Possum Trapper wanted trout sandwiches for school lunches,he should of gone fishing yesty as the river was clean :Psmiley: 

Anyway I shot a big fat doe hare.


I gave it to PT with simple instructions of skinning the animal and left him to it.

The back steaks and one hind leg were put in the crock pot,just enough for lunches.

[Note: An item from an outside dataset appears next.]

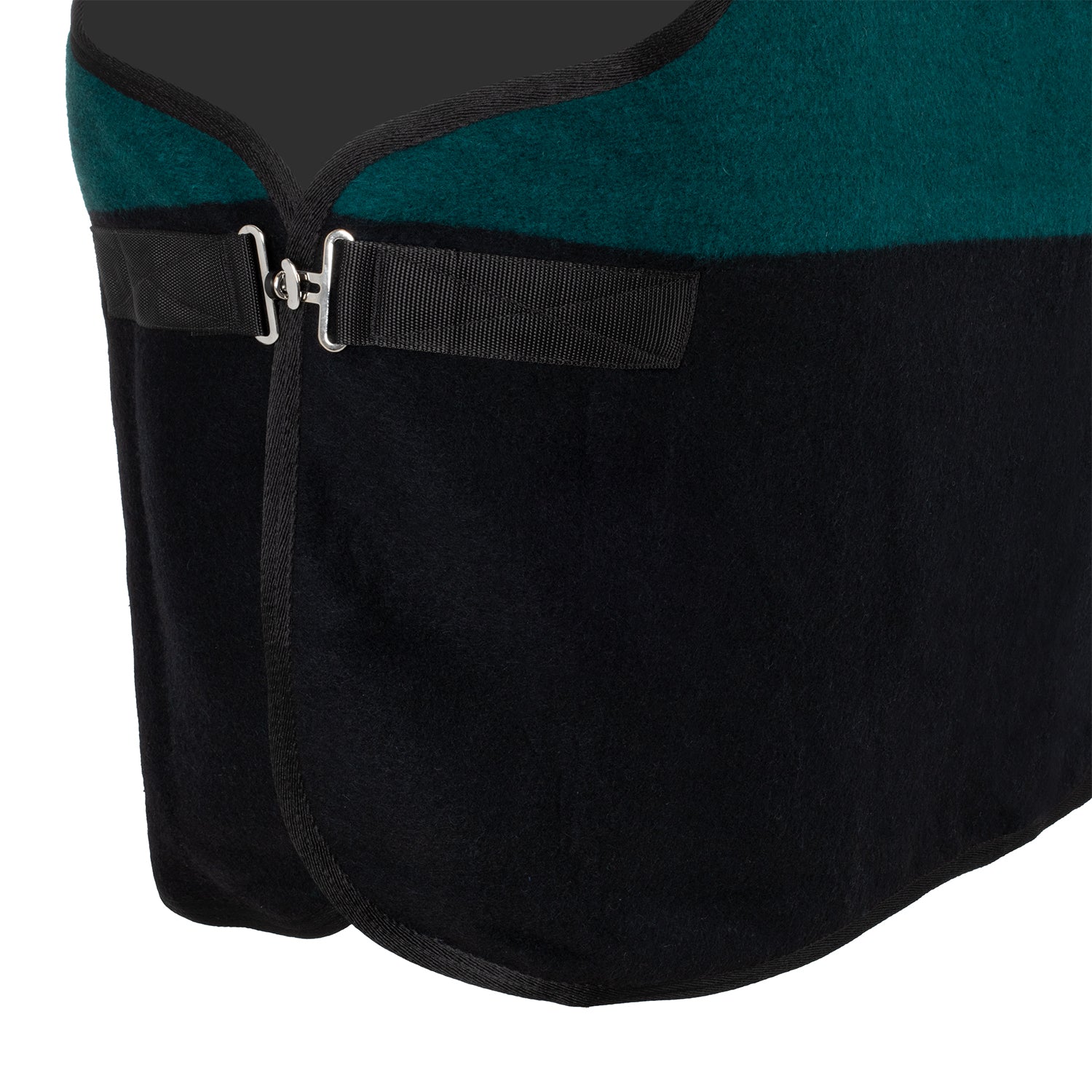 The Acavallo Wool Stable Rug 800G combines expert craftsmanship with practical warmth. Designed for cold months, its 800-gram wool filling ensures your horse stays comfortably insulated in the stable, during transport, or while preparing. The front chrome buckle closure effectively seals out cold air, protecting your horse’s sweat from chilling. Elegant embroidered details, including the Acavallo® logo and lettering on the rump and a refined white embroidery on the green band, add a sophisticated touch to this functional rug. Ideal for maintaining your horse’s comfort and style throughout winter.

Tuscony,garlic salt and chicken seasoning was added.



Smells bloody good

Done!! Mmmmmm  :Yum:  :Yum:

----------


## Rushy

Yum Dundee.

----------


## Dundee

Carved up and ready for sammies


And this morning it was running around :Grin:

----------


## Rushy

Like I said before.  YUM

----------


## Maca49

Geeze that a fancy plate?

----------


## Dundee

> Like I said before.  YUM


Sure is Rushy had a taste test as usual. Bit of an educational progress for some townies. :Grin:

----------


## gadgetman

Excellent work there Dundee's, that looks stunning. Watch out for a tall skinny teenaged girl coming up your drive as TR is rather partial to that stuff.

Don't forget to grate in some spud, carrot, pumpkin, ... whatever you have to the broth and have some great vege soup for a winter lunch. I like it thick enough to eat with a knife and fork, sliced on toast.

----------


## TimeRider

> Watch out for a tall skinny teenaged girl coming up your drive as TR is rather partial to that stuff.


You consider me tall now  :Yuush: 
Looks really tasty dundees...

----------


## Dundee

Watch out PT you might have a girl swinging of ya arm instead of stinky possums :Psmiley:

----------


## gadgetman

> Watch out PT you might have a girl swinging of ya arm instead of stinky possums


I have seen TR checking out PT's profile too Dundee.  :Wink: 

Right, I have steps to take, ... long and rapid might be in order.

----------


## gadgetman

> You consider me tall now 
> Looks really tasty dundees...


Only relative to Dundee by all accounts.  :Psmiley: 

Right, back to those steps! Yikes!

----------


## TimeRider

Haha  :Psmiley:

----------


## Dundee

I won't see the sandwiches in the morning,hopefully the tall lankey bugger gets a pic as i will be at work.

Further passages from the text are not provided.